Rishi1, Narinder Rana2

1 M.Tech. Research Scholar, 2 Associate Professor & Head, Department of Computer Science & Engineering,

Rayat Institute of Engg. & Information Technology, Punjab, India

Abstract Image Processing is becoming important area of study in many industries including food processing, medical science, particle technology, cement industries, powder industries, etc., given the easy of measuring different dimension of particles including size, shape, color (RGB) analysis. Based on the computer algorithms to perform image processing on digital images, it not only allows for accurately measurement of the different physical properties of the object but gives various like size, size distribution, shape factors, color composition of the object very fast and real time analysis is possible. The efficacy of this technique depends on the factors such as- image quality, better noise reduction technique, and good filtration and segmentation techniques. Platforms like Matlab, ImageJ, Olympus, PAXit, etc., are available for the image processing. This work uses the platform ImageJ and a plugin will be developed for the segmentation of the overlapping and touching particles which are difficult to separate through in-built software are works fairly well for the circular particle. In the end, after incorporating this plugin, we will measure the size and shape factors of the different particles

Keywords Digital Images Processing, ImageJ, Binary, Watershed segmentation, etc.


    Digital image processing are increasingly being used in many industries including food processing, medical science, particle technology, cement industries, powder industries, etc., given the easy of measuring different dimension of particles including size, shape, colour (RGB) analysis. It is based on the programme based algorithms to perform image processing of the digital images. A much wider range of algorithms can be developed to be applied to the input data. One important feature of the image processing is that it can be modelled in the form of multidimensional systems. With the dawn of the 21st century, many high speed computers and signal processors have been developed making image processing popular and because of its utility to different kind of uses and being presumably the cheapest option.

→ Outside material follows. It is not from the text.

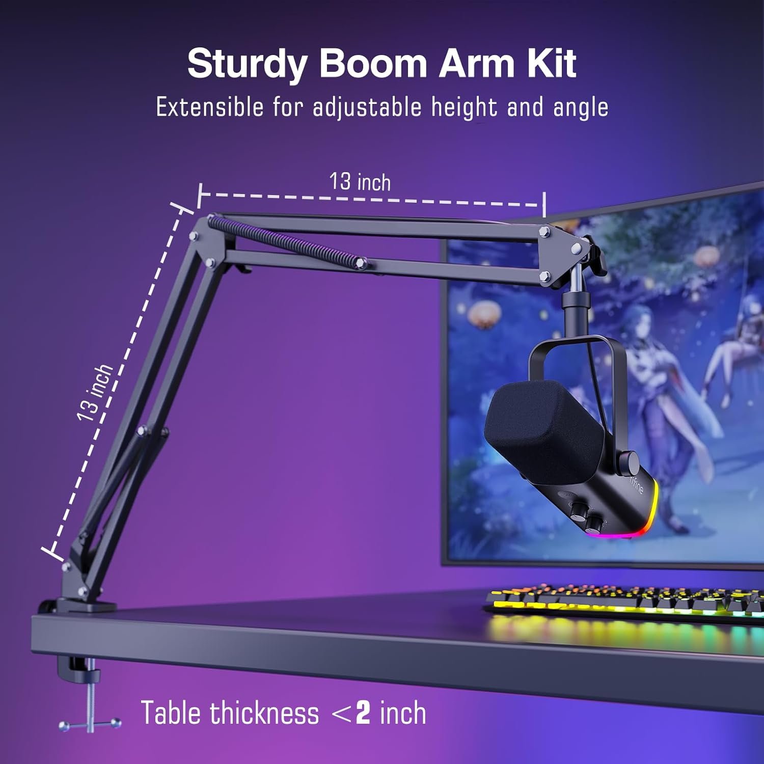 Enhanced Features-The PC gaming microphone USB kit includes a boom arm for easy positioning, mute button and gain knob for precise control, headphones jack for real-time monitoring, and headphone volume control.

    In powder processing industries image analysis is becoming very handy in determining the flowability of the powder which depends on the size and shape of the particles. The flowability of powder is important area of study in many industries including pharmaceuticals, food processing. Flowability is measure of force acting between particles and that of between particle and handling and storage surface. [1] The surface forces of interaction acting between particles can

    be categorised into two parts: internal friction and cohesion force. Cohesion force arises due to Van der Waals forces and capillary forces due to liquid bridging. These surface forces of interaction vary depending upon powder material and its surface properties. It is flowability which determines the inclination and opening of hopper and silo. Powder flowability depends upon several surface and physical properties of the powder of which surface charge; surface texture, moisture content, and size have dominant effect. Generally for a particular powder smaller particle tends to have less flowable because of the high surface area per unit volume. [2] Increase in storage temperature enhances wall friction for flour and tea, but have opposite effect on whey permeate. Increase in storage time does not affect the wall friction for wheat and reduces the wall fraction for whey permeate and tea. [3] Similar trends are also observed with increase in relative humidity leads to decrease in flowability except for wheat flour.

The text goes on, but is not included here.